Stéphane is given a job doing typesetting for a calendar company, a job which his mother arranged from him. The whiny young man is shocked to learn that he will not be performing creative tasks, but instead will be doing formulaic work that could be done by a machine.


As he becomes disenchanted with his job, surrealism begins to show in everything. It’s in Stéphane’s dreams (which is the only place where he realizes his artistic potential), his waking life (where he is essentially awkward), and all places in between. Perhaps what Gondry is trying to say with his audaciously colorful mise-en-scene is that the surreal isn’t all that significant; that we all experience such wildness in our dreams and in our reality all the time. It’s really no big deal. Everybody daydreams, so in this respect surrealism and dreams are quite mundane—they are perhaps vivid when happening, but they are also quite commonplace. 
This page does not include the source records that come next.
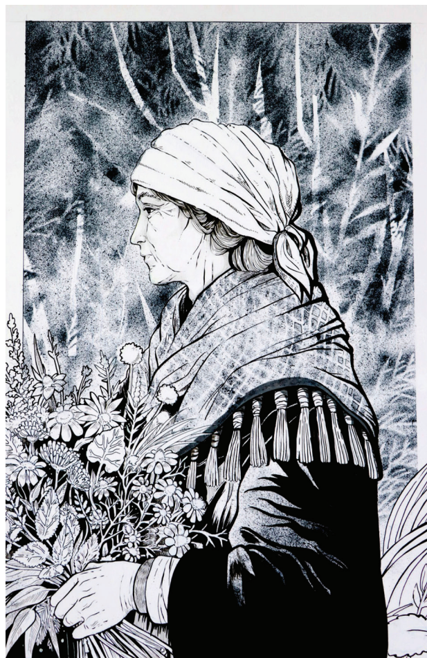
Autor: Ilona Biała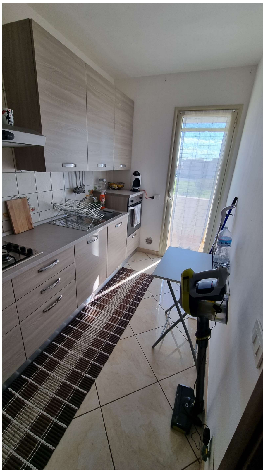
FOTO N. 9 - cucina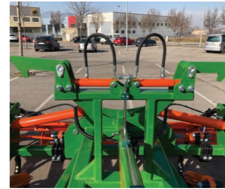
Sistema de seguridad con doble cilindro hidráulico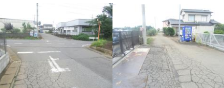
⑭車通りが激しい道路。余裕を持ち横断することができるように前後左右を確認する。工場車の出入り注意。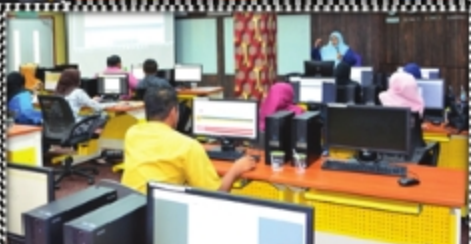
PERKONGSIAN ILMU PERPUSTAKAAN 2018 PERPUSTAKAAN UITM CAWANGAN JOHOR - 7 NOVEMBER 2018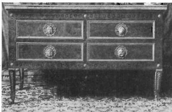
FIG. 8 - Uno dei due «forzieri» già nella «Stanza di Elena e Paride».

mo (v. fig. 4), finite da capitelli in bronzo dorato: nella fronte corre un festone, pure in bronzo dorato, sostenuto da bucrani. Per quanto non se ne abbiano notizie, crediamo che il camino possa attribuirsi al Pacetti, che aveva già eseguito per la sala i quattro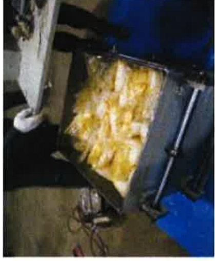
小石運搬機内に隠匿

中華人民共和国から到着した海上貨物から、小石運搬機に隠匿されていた覚醒剤約150キログラムを発見、摘発しました。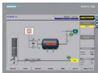
H3700 con visualizzazione grafica

Nabertherm ha un'esperienza pluriennale nella progettazione e costruzione di impianti di regolazione standardizzati e personalizzati. Tutti i controlli si contraddistinguono per un'estrema facilità di utilizzo e dispongono già nella versione base di numerose funzioni utili.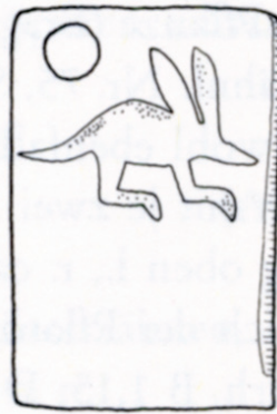
Fig. 1. Étiquette en ivoire découverte dans la tombe du roi scorpion (d'après G. Dreyer, 1998, p. 122 [81]).

IL Y A UNE DIZAINE d'années, une représentation prédynastique fut déterminée comme étant celle d'un oryctérope par G. Dreyer 1 . Il s'agit d'une gravure de très petite dimension puisqu'elle a pour support une étiquette en ivoire de 1,6 cm de haut, étiquette originellement reliée à une jarre de type WW 2 provenant de la nécropole U d'Abydos, plus précisément de la tombe du roi Scorpion I (U-j), datée du début de Nagada IIIa 3 [fig. 1].

That the film takes place in Paris is a grand homage to pioneering surrealist films such as Rene Clair’s Entr’acte and the concept of Dadaism. Stéphane and his new friend/paramour Stephanie (the amazing Charlotte Gainsbourg—the sole force that saves the movie from complete disgrace), actually at one point ride a giant, animated “hobby horse”, an image that pounds it’s message home like a hammer to the brain. The pair is practically engulfed in ineptly obvious bizarre imagery.
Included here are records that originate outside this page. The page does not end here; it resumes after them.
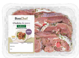
Chuleta de pavo al ajillo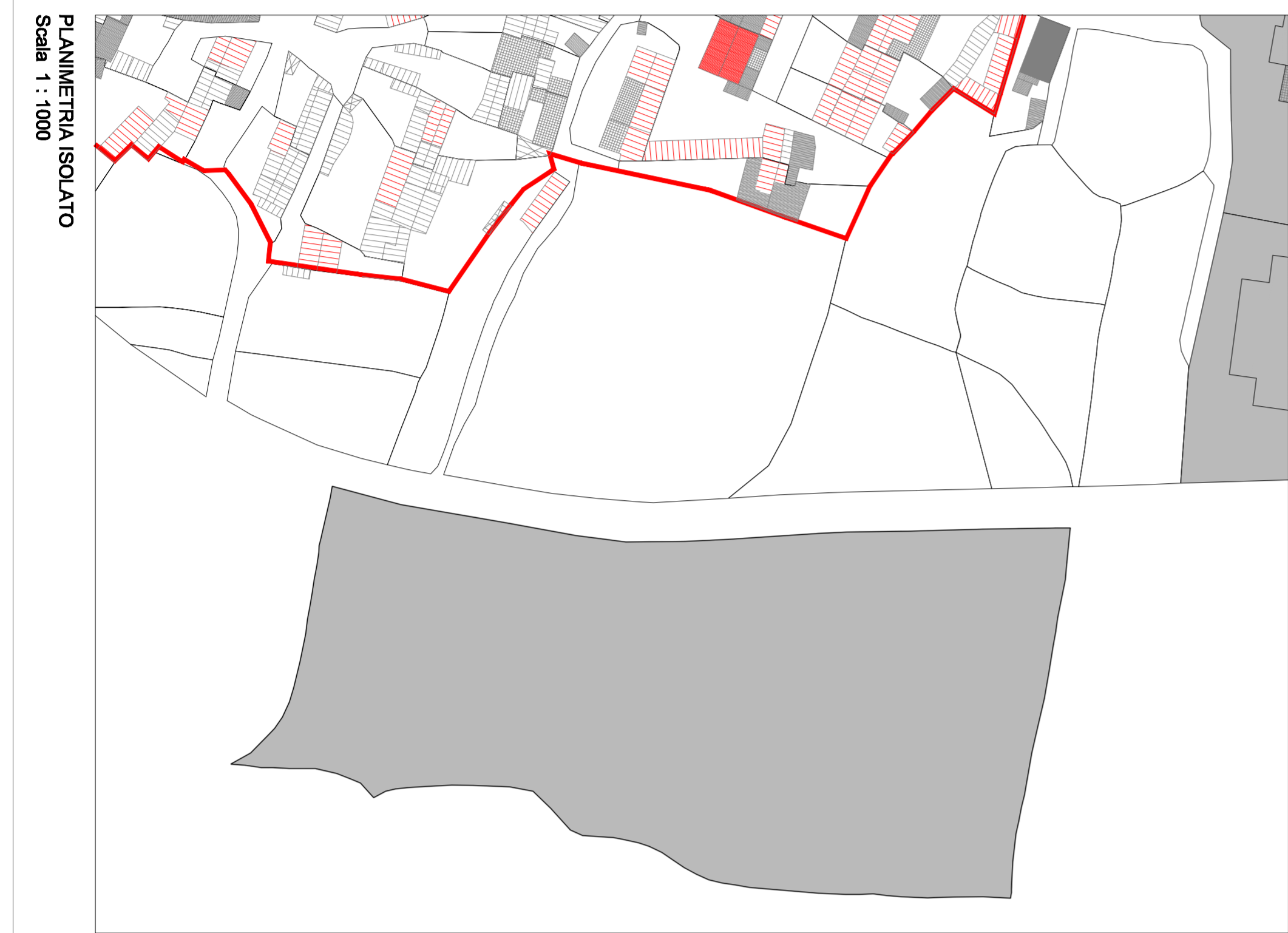
PLANIMETRIA ISOLATO Scala 1 : 1000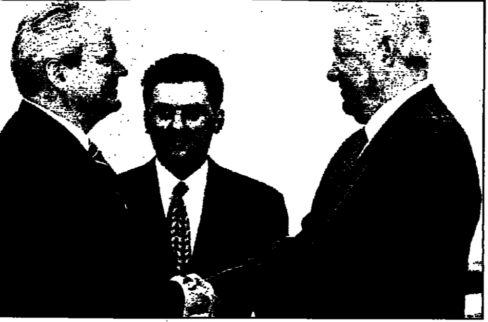
الرئيس الروسي بوريس يلتسين يستقبل نظيره اليوغسلافي سلوبودان ميلوسيفيتش في الكرملين أمس

■ موسكو، 17 يونيو: أعلن الرئيس الروسي بوريس يلتسين تعهد ميلوسيفيتش بالتفاوض مع ألبان كوسوفو جدد معارضته التدخل العسكري في الاقليم. وأكد يلتسين أن روسيا ستدعم المفاوضات بين الجانبين.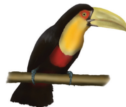
Tucano-de-bico-verde Ramphastos dicolorus 55 cm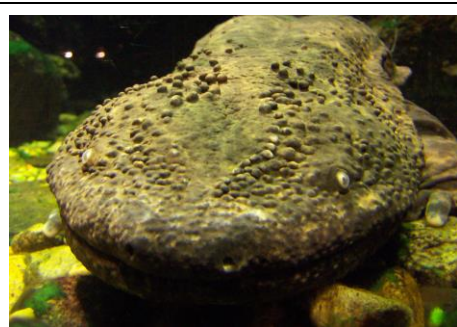
オオサンショウウオ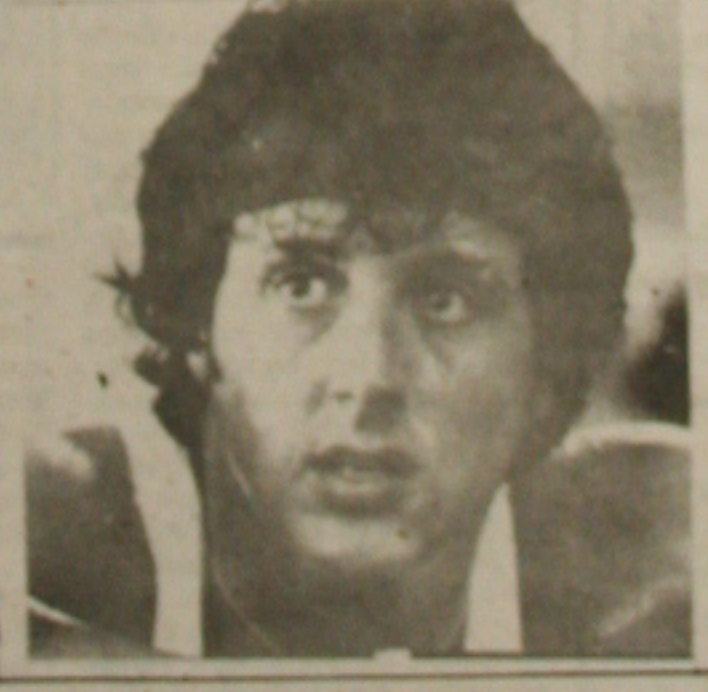
Sylvester Stallone está em Rocky II

Stephanie implores Stéphane to “stop acting like a child” (an additional bit of sound advice for the unstable young man might be to also get some Prozac, ASAP), but she is really no authority on the subject: Stephanie is equally plagued by whimsy, and by the looks of it, she enjoys letting go of control over her actions every bit as much as Stéphane. She is generally reserved and quiet, but something in Stéphane brings out her dormant, girlish feelings. And the next time someone decides to cast Gainsbourg as a piano-playing singer/songwriter, they should have the good sense to incorporate her lovely compositions into the story. That was an unforgivable foible on Gondry’s part.


The inane parade of images from a film such as Entr’acte (which was fairly cutting-edge, given it was made in 1924), from the weirdly-angled shots of a ballerina twirling to the little black dolls with expanding, balloon-esque heads, are all intrinsic to Gondry’s overall purview: his body of work seems to solely rely on these sorts of silly, almost repetitive images and concepts. It’s as though the director wants the viewers of The Science of Sleep to think they are engulfed in dada, that everything happening is totally random. The opposite is true of his finished product: everything is so meticulously scripted, so neatly-packaged, and so ably tied together that the concept of happily not making any sense is thrown out the window for the banality of extreme, rigid logic.
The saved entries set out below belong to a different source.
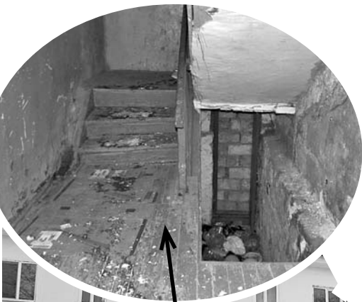
На снимках: грязный и чистый подъезды одного и того же дома; объявление в чистом подъезде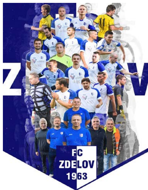
Současný tým mužů Zdelova.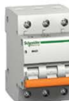
Трёхполюсный автоматический выключатель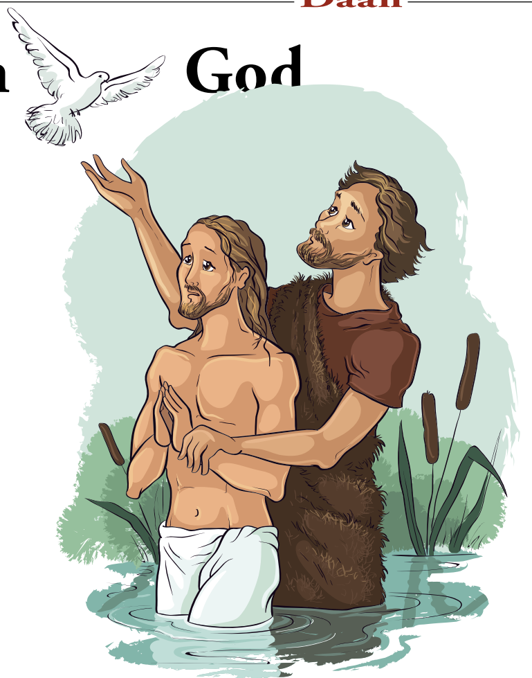
Henri Nouwen verwijst naar de doop van Jezus en de stem uit de hemel: "Deze is mijn geliefde zoon..."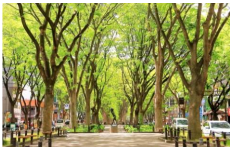
定禅寺通の周辺景観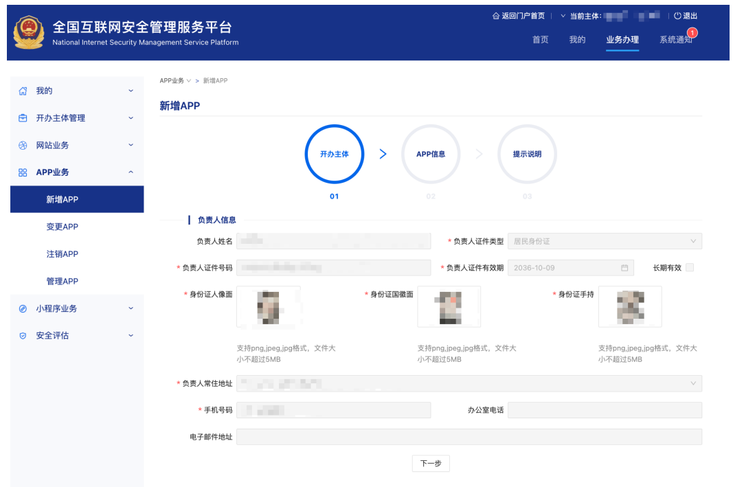
图 2-12 公安备案主体负责人信息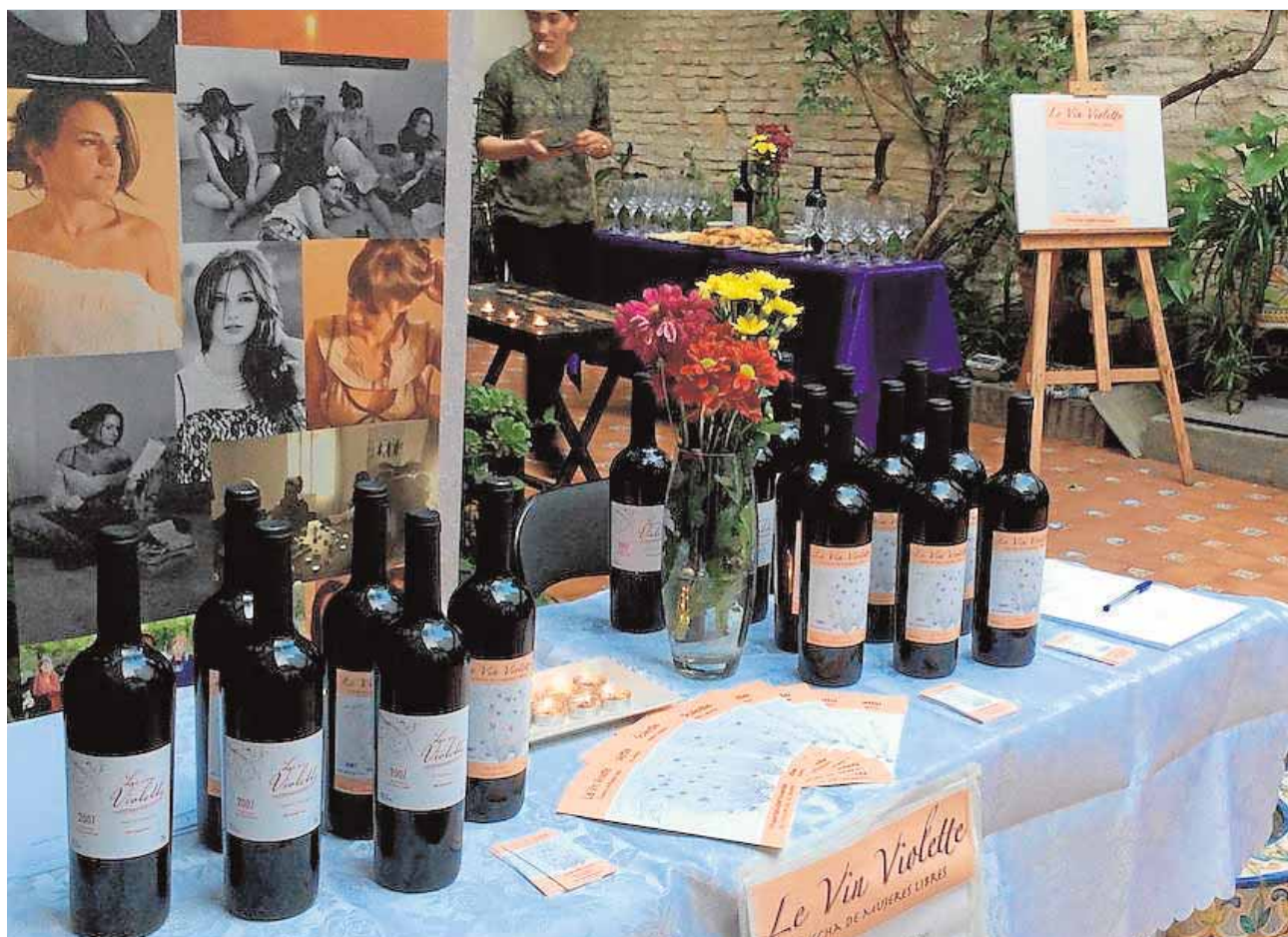
El pasado 29 de abril «Le Vin Violette» fue presentado en la sede sevillana de la asociación La Imprenta A.C.

actos comenzarán mañana viernes con una misa en la que se llevará a cabo la ofrenda de flores y la bendición de las medallas. El sábado se concentrarán las carretas y caballistas para hacer el camino hasta la Ribera del Cala. A.C.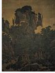
万壑松風圖(李唐作·北宋時代)·1124年·国宝

It would be refreshing if Gondry could completely escape this stale style so deeply ingrained in his own conventions and tackle his next filmic subject with fresh eyes and more detached focus. For a director that people believe to be so cutting edge, Gondry is really just another imposter - borrowing (or should we call it stealing shamelessly?) from his predecessors. We get it; your childhood was filled with bizarre, artsy French magic and you have mommy issues. Can we finally move on to something a little more original that fulfills some of your artistic promise?